» AIM OF THE TASK: Each entry is to be repeated word for word, and the images are to be dropped.

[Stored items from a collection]
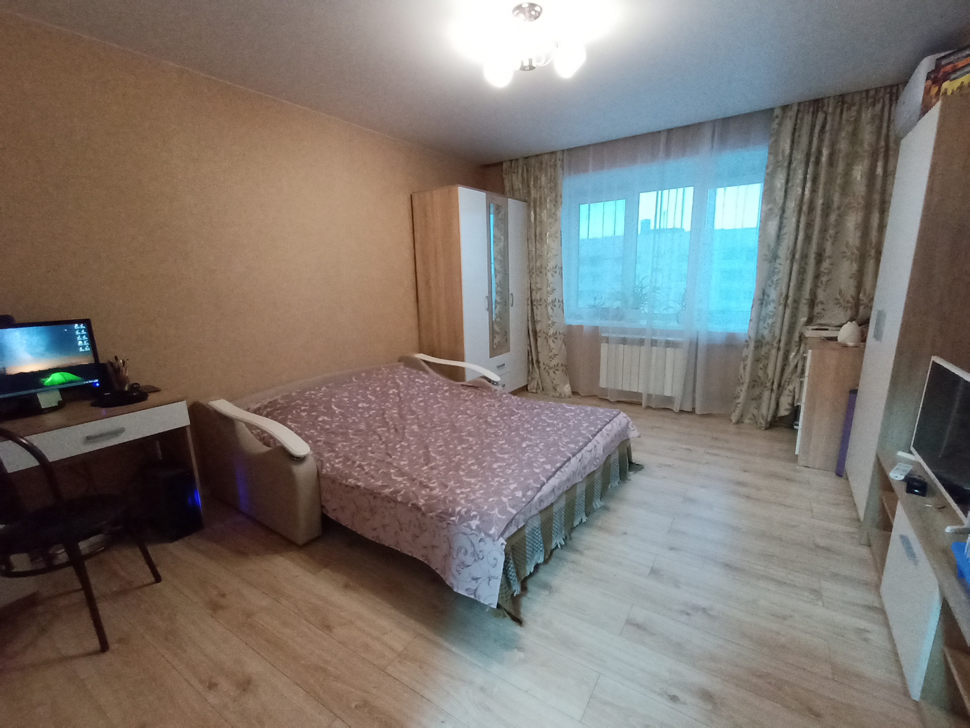 Квартира со свежим качественным ремонтом (делали для себя). Из мебели остается кухонный гарнитур, встроенный гардероб в кладовке, кондиционер. Все окна пластиковые, пол выровнен, ламинат, на кухне и в прихожей на полу плитка, трубы поменяны, в комнате заменен радиатор, натяжные потолки в комнате, кухне, прихожей, новая входная дверь, счетчик на газ. Спокойные соседи. Один собственник. Долгов и обременений нет. Быстрый выход на сделку. Без альтерната. С агентами договор заключать не будем. Не беспокоить.
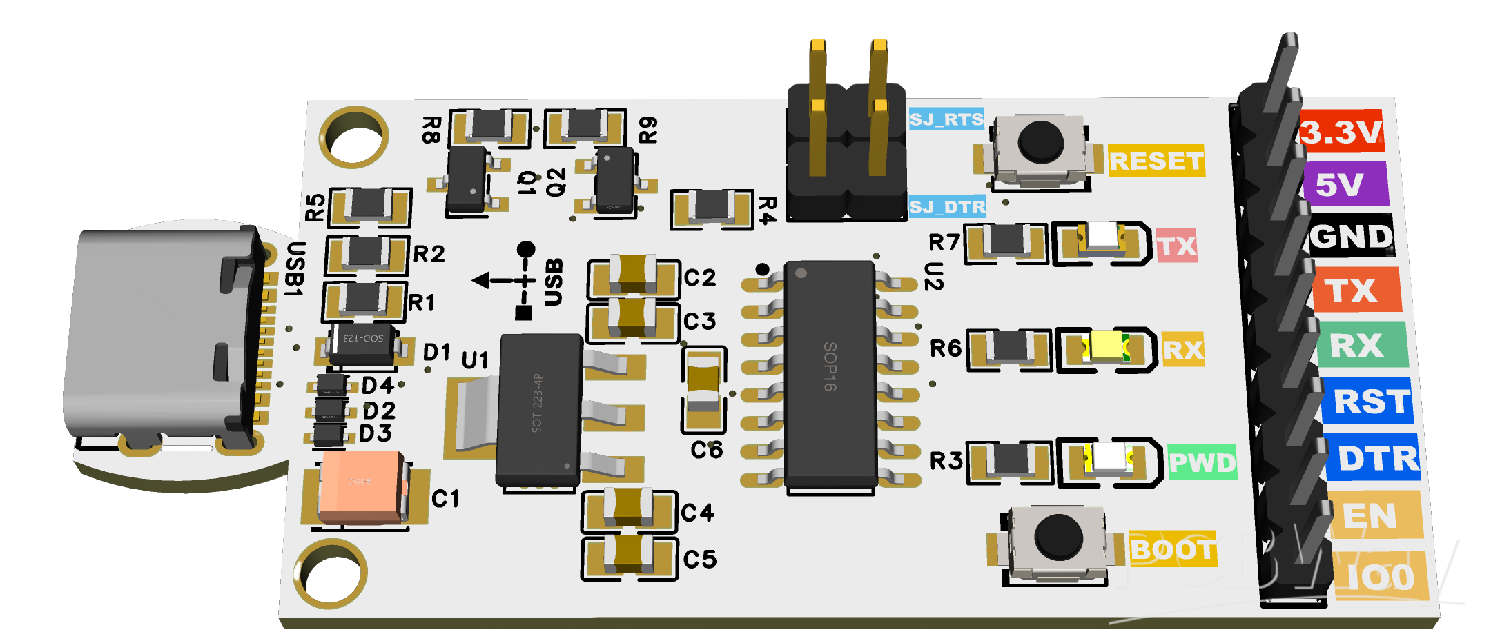 SJ_DTR → Connects DTR → IO0 (boot line).
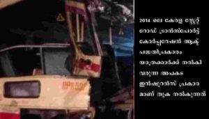 തിരുവനന്തപുരം: വടക്കഞ്ചേരിയിൽ നടന്ന അപകടത്തിൽ മരണമടഞ്ഞ മൂന്ന് കെഎസ്ആർടിസി യാത്രക്കാർക്കുള്ള ഇൻഷുറൻസ് തുകയായ 10 ലക്ഷം രൂപ വേഗത്തിൽ ലഭ്യമാക്കുന്നതിനുള്ള നടപടി സ്വീകരിച്ചുവെന്ന് കെ.എസ്.ആർ.ടി.സി. 2014-ലെ കേരള സ്റ്റേറ്റ് റോഡ് ട്രാൻസ്പോർട്ട് കോർപ്പറേഷൻ ആക്ട് പദ്ധതിപ്രകാരം യാത്രക്കാർക്ക് നൽകിവരുന്ന അപകട ഇൻഷുറൻസ് പ്രകാരമാണ് തുക നൽകുന്നത്.
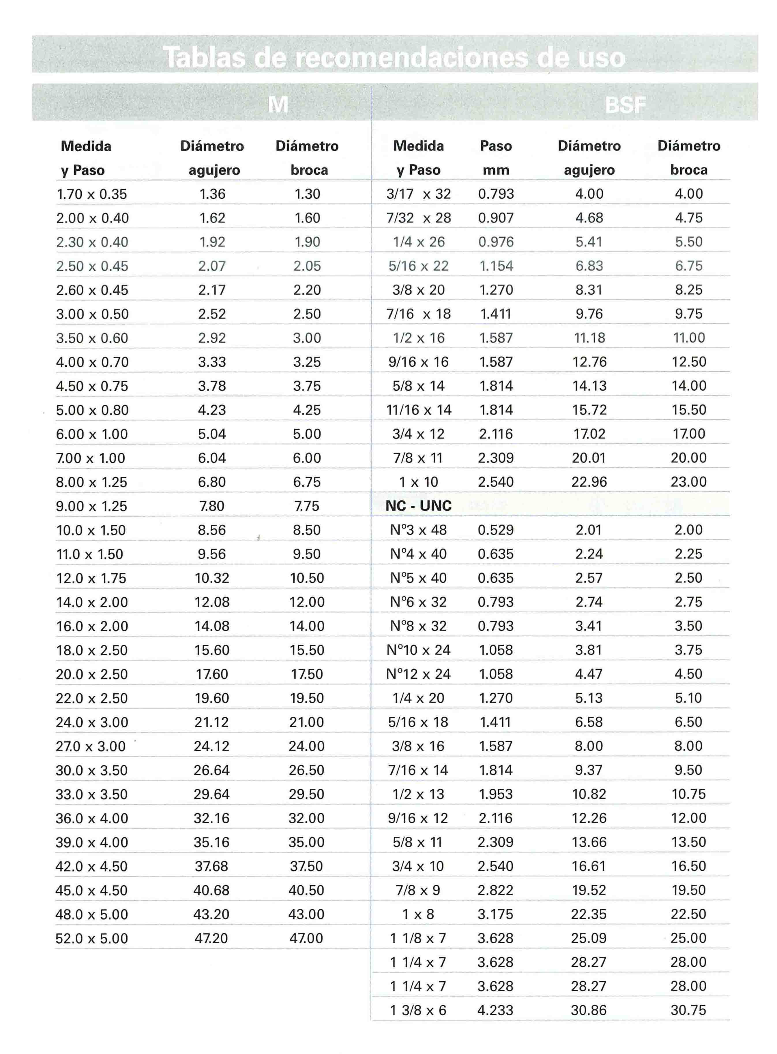 Tablas útiles
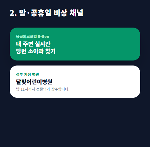 - 달빛어린이병원 검색: 밤 9시가 넘었거나 휴일이라면 일반 의원보다는 정부가 지정한 '달빛어린이병원'을 찾는 것이 빠릅니다. 응급실보다 대기 시간이 짧고 소아과 전문의에게 직접 진료받을 수 있어 비용과 시간 모두 절약됩니다.

» WRITTEN SOLUTION:
 Квартира со свежим качественным ремонтом (делали для себя). Из мебели остается кухонный гарнитур, встроенный гардероб в кладовке, кондиционер. Все окна пластиковые, пол выровнен, ламинат, на кухне и в прихожей на полу плитка, трубы поменяны, в комнате заменен радиатор, натяжные потолки в комнате, кухне, прихожей, новая входная дверь, счетчик на газ. Спокойные соседи. Один собственник. Долгов и обременений нет. Быстрый выход на сделку. Без альтерната. С агентами договор заключать не будем. Не беспокоить.
 SJ_DTR → Connects DTR → IO0 (boot line).
 തിരുവനന്തപുരം: വടക്കഞ്ചേരിയിൽ നടന്ന അപകടത്തിൽ മരണമടഞ്ഞ മൂന്ന് കെഎസ്ആർടിസി യാത്രക്കാർക്കുള്ള ഇൻഷുറൻസ് തുകയായ 10 ലക്ഷം രൂപ വേഗത്തിൽ ലഭ്യമാക്കുന്നതിനുള്ള നടപടി സ്വീകരിച്ചുവെന്ന് കെ.എസ്.ആർ.ടി.സി. 2014-ലെ കേരള സ്റ്റേറ്റ് റോഡ് ട്രാൻസ്പോർട്ട് കോർപ്പറേഷൻ ആക്ട് പദ്ധതിപ്രകാരം യാത്രക്കാർക്ക് നൽകിവരുന്ന അപകട ഇൻഷുറൻസ് പ്രകാരമാണ് തുക നൽകുന്നത്.
 Tablas útiles
 - 달빛어린이병원 검색: 밤 9시가 넘었거나 휴일이라면 일반 의원보다는 정부가 지정한 '달빛어린이병원'을 찾는 것이 빠릅니다. 응급실보다 대기 시간이 짧고 소아과 전문의에게 직접 진료받을 수 있어 비용과 시간 모두 절약됩니다.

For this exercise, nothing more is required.